**Dataset section:**
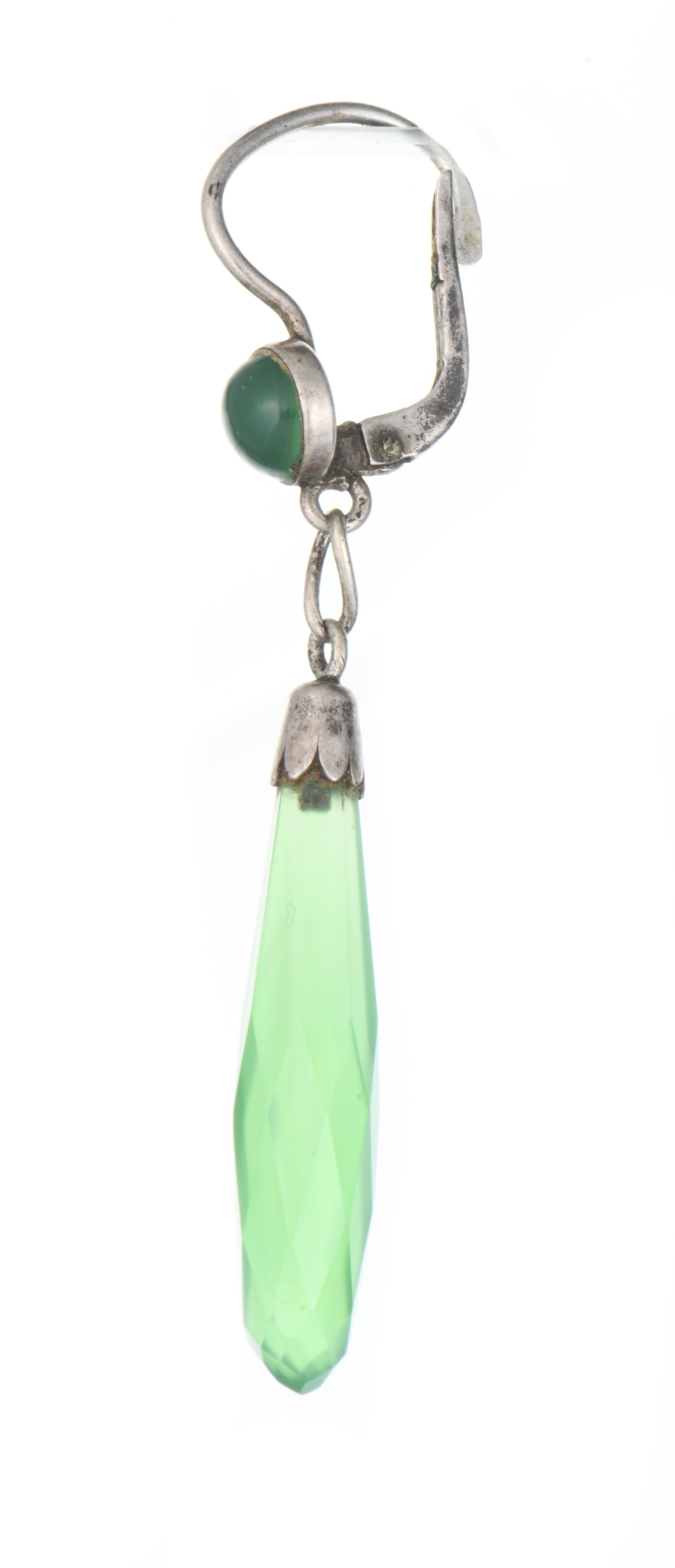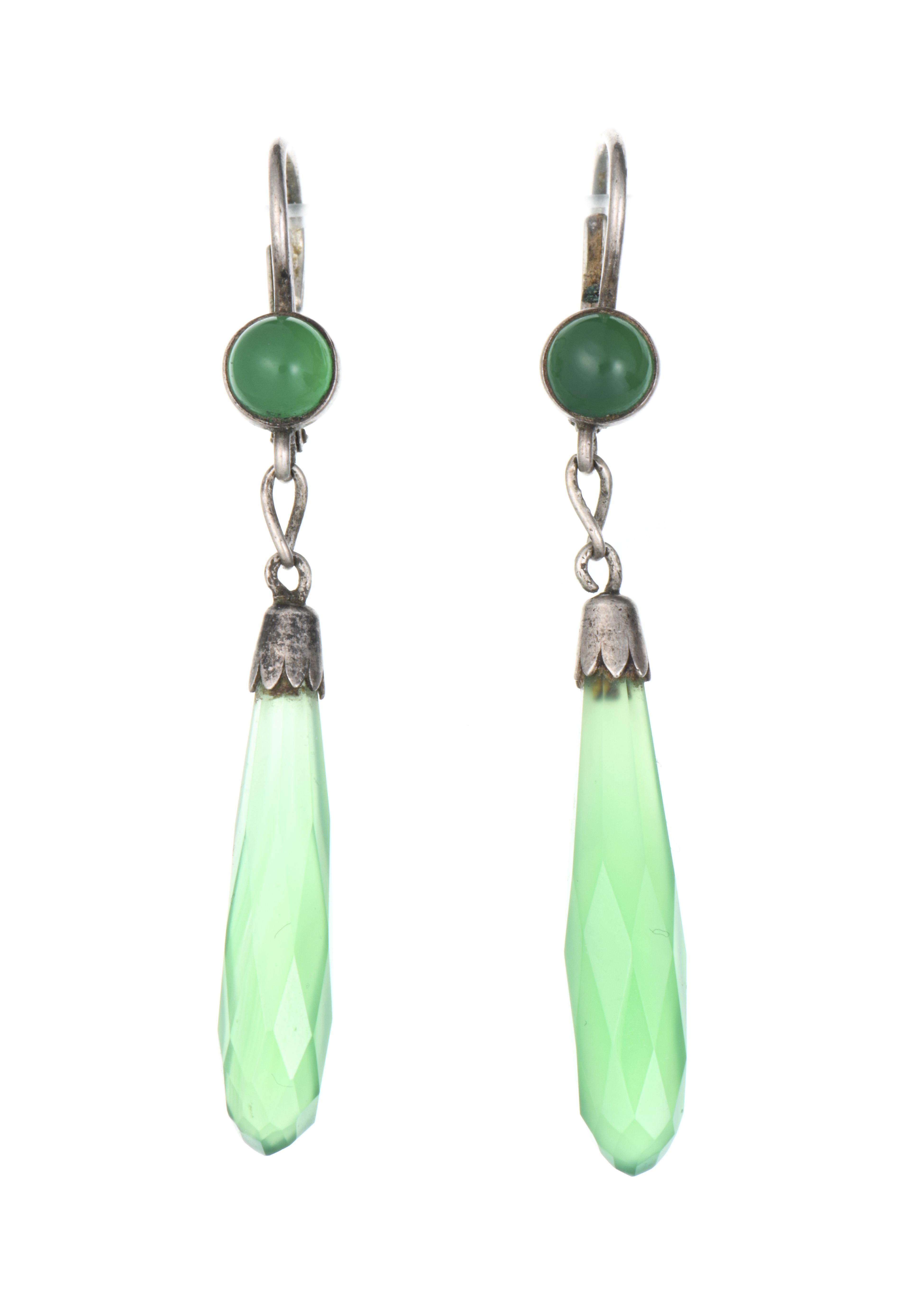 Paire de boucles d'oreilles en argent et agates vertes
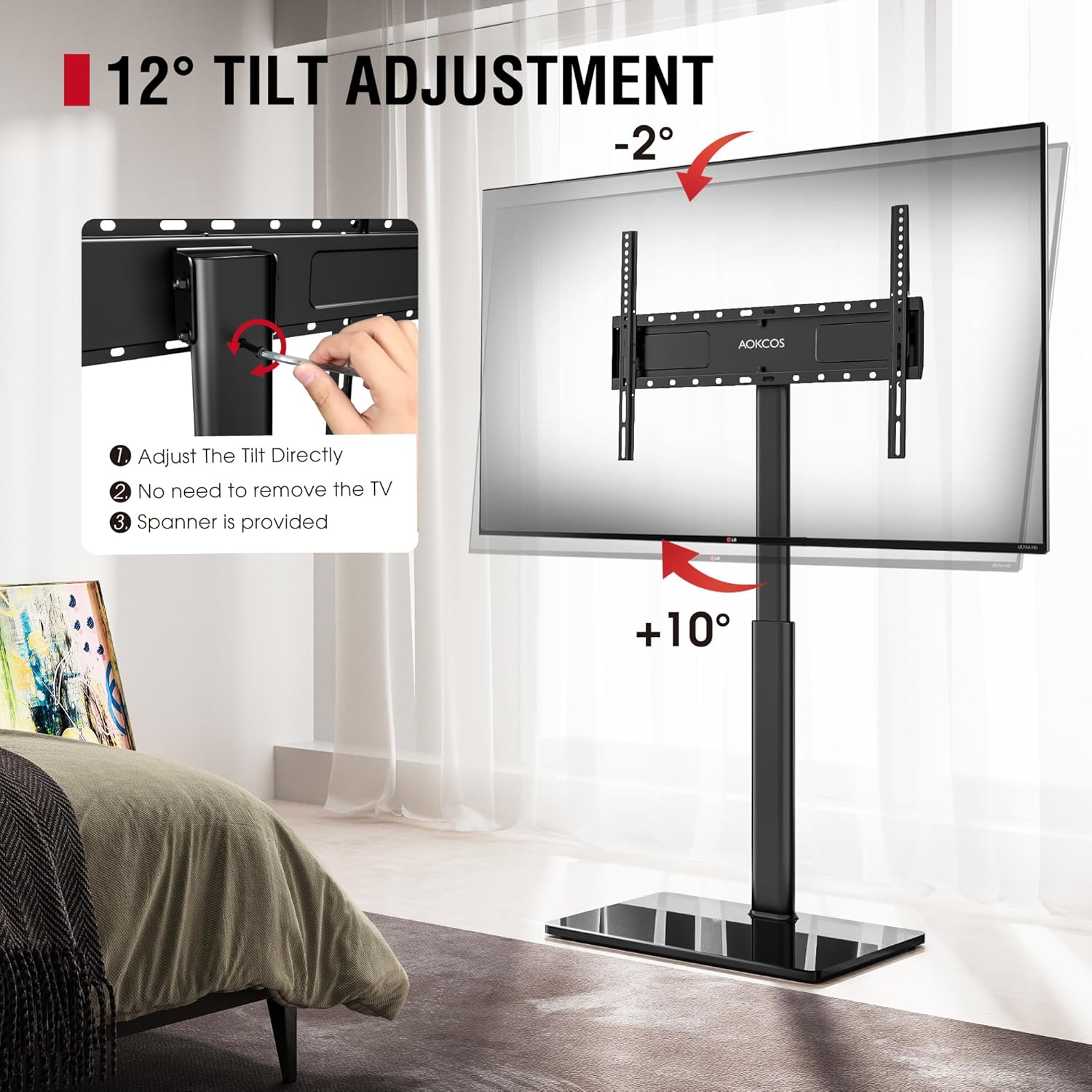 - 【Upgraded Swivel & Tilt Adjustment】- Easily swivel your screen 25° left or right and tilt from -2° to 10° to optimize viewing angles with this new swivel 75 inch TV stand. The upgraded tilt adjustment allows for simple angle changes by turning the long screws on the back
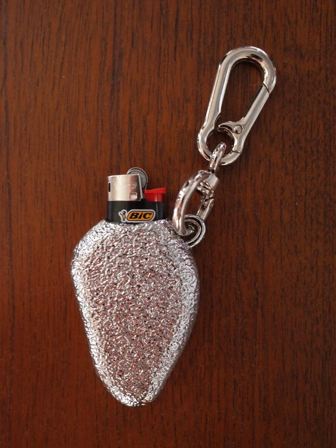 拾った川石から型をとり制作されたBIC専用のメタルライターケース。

**Task goal:** The data above must be copied exactly. Leave out the pictures.

**Result of the exercise:**
 Paire de boucles d'oreilles en argent et agates vertes
 - 【Upgraded Swivel & Tilt Adjustment】- Easily swivel your screen 25° left or right and tilt from -2° to 10° to optimize viewing angles with this new swivel 75 inch TV stand. The upgraded tilt adjustment allows for simple angle changes by turning the long screws on the back
 拾った川石から型をとり制作されたBIC専用のメタルライターケース。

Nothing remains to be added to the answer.